Here shows some results after you clicked the “Run Enrichment” button:

Hallmak

KEGG

GO MF Enrichment

Result table

  1. Results Table: Includes names (Gene names), Protein Ids, Log fold changes/ ratios (each pairwise comparisons), Adjusted p-values (applying FDR corrections), p-values, Boolean values for significance, average protein intensity (log transformed) in each sample.

Download options

  1. Results: Same as Results Table
  2. Unimputed data matrix: Original protein intensities before imputation in each sample.
  3. Imputed data matrix: Protein intensities after performing selected imputation method
  4. Full results: Combined table of all above data outputs i.e. with and without imputation information, along with fold change and p-values.
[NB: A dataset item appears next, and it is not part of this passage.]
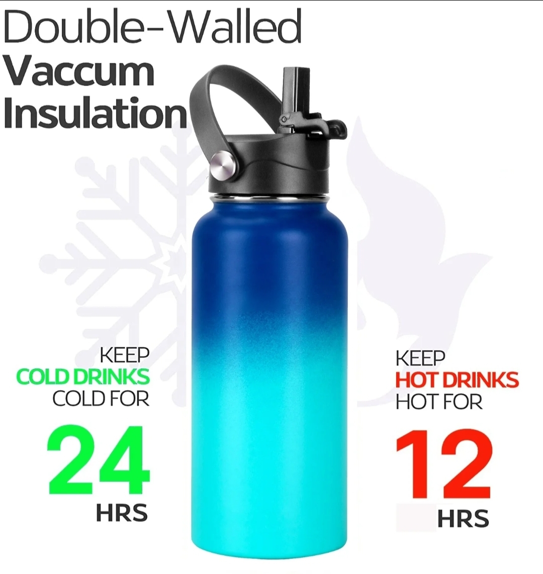 Choose to reuse with our insulated stainless steel  Water Bottles ! Keep your water or beverage cold for hours with this double wall insulated. No condensation will build up on the outside of your insulated water bottle making it comfortable to hold, with a convenient carry handle. Our large 950ml water bottles with are perfect for the gym and long days outside, office desk water bottle, Hiking, or just everyday use. This water bottle can also keep your warm beverages hot, making them ideal for camping trips and outdoor adventures.
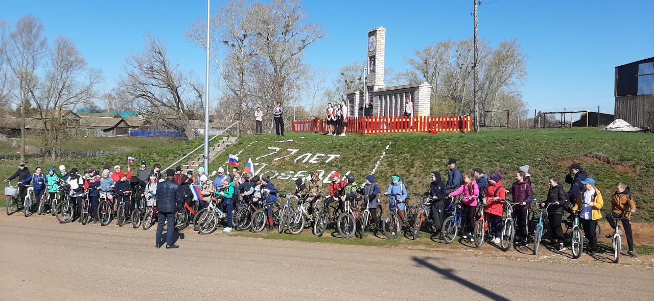 Опубликовано: 07.05.2022Субботнее утро в Бимской школе началось с велопробега. С утра учащиеся всех 7 деревень отправились в школу на велосипедах. Собрались всё у монумента павшим воинам в центре села Бима. Провели митинг, где выступал и Глава Бимского сельского поселения Михайлов Э. И.

Advanced Options and Details

Differential expression analysis (DE)

As you can see, FragPipe-Analyst functionality relies on differential expression (DE) analysis. Internally, we use a Bioconductor package limma to carry out the DE analysis on each protein. Contrasts are built automatically from condition levels provided by the user allowing the generation of results for all possible comparisons. Multiple test adjustment are done with user specified options (default with “BH”). It also takes into account user defined cutoffs to filter significantly differentially expressed proteins.

Significant protein filtering criteria

Missing value imputation options

False Discovery Rate (FDR) correction option

In sample data demonstration, we set Adjusted p-value cutoff at 0.05, Log2 fold change cutoff at 1 and Type of FDR correction at Benjamini Hochberg.